* WORK INSTRUCTIONS *
Your copy should contain exactly the lines from the start of the listing through the line that holds "Customary Funeral &", and no pictures.

* EXERCISE DATA *

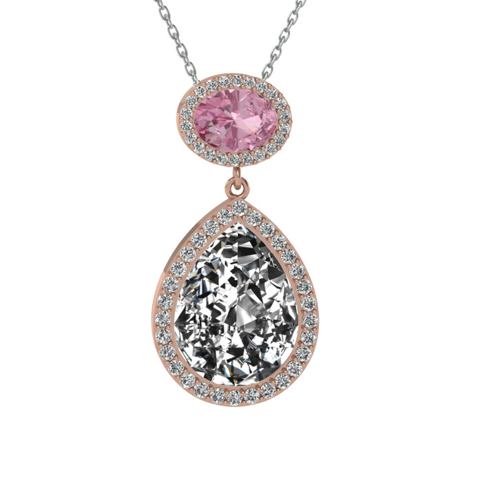 Beyaz zirkon ve pembe kuvars 8 ayar rose altın kolye (40 cm beyaz altın rolo zincir)
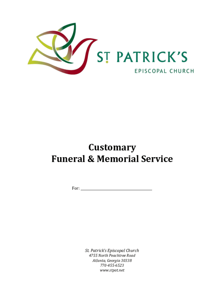 Customary Funeral & Memorial Service For: ___St. Patrick's Episcopal Church 4755 North Peach tree Road Atlanta, Georgia 30338 7704556523 www.stpat.netPage 2 of 12Funeral / Memorial Service Customary
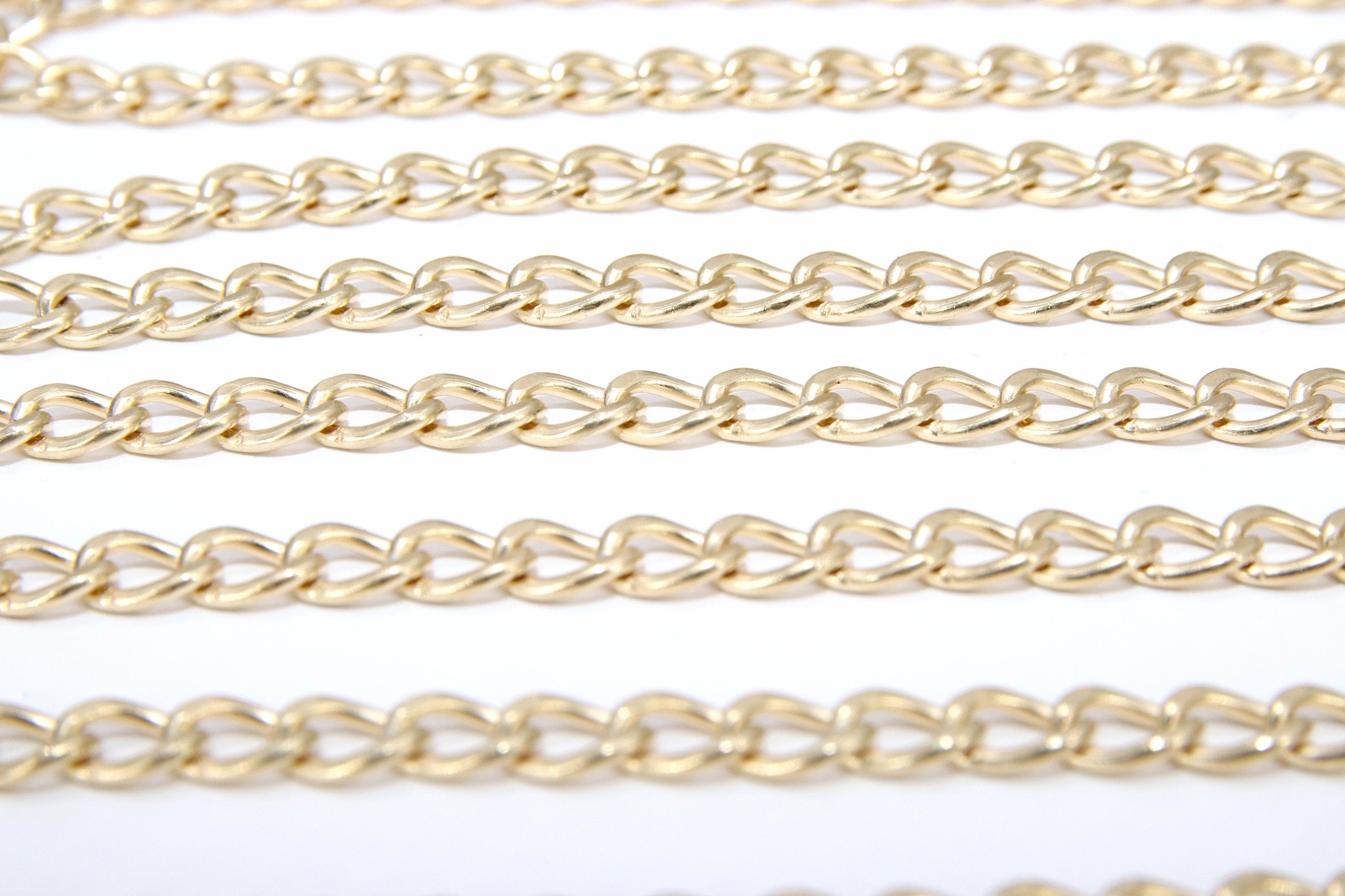 Notes Regarding Chains: All of our chains are cut in a continuous chain unless it is the end of a roll. We do not cut 10 feet in 1 foot sections. Any 925 Sterling Silver or Silver plated chains will tarnish. We suggest keeping your chains in a sealed jewelry bag to help prevent this. I'm sorry but all cut chains are non refundable. We recommend you try a foot sample before large purchases. Stainless steel chains come in gold or silver and are known for their non tarnishing properties. We don't control the colors, where gold may be applied on tight weave or small chains. All of our 14 K Gold Filled chains, charms, or findings are Genuine 14/20 Gold Filled. To be called gold filled by US LAW, the plating needs to be very very thick, at least 5% of weight. We do not replace for slight imperfections, defects, or variations in factory made chains, slight variations from photos, or minor detail damage issues.

* REPLY TO THE TASK *
 Beyaz zirkon ve pembe kuvars 8 ayar rose altın kolye (40 cm beyaz altın rolo zincir)
 Customary Funeral & Memorial Service For: ___St. Patrick's Episcopal Church 4755 North Peach tree Road Atlanta, Georgia 30338 7704556523 www.stpat.netPage 2 of 12Funeral / Memorial Service Customary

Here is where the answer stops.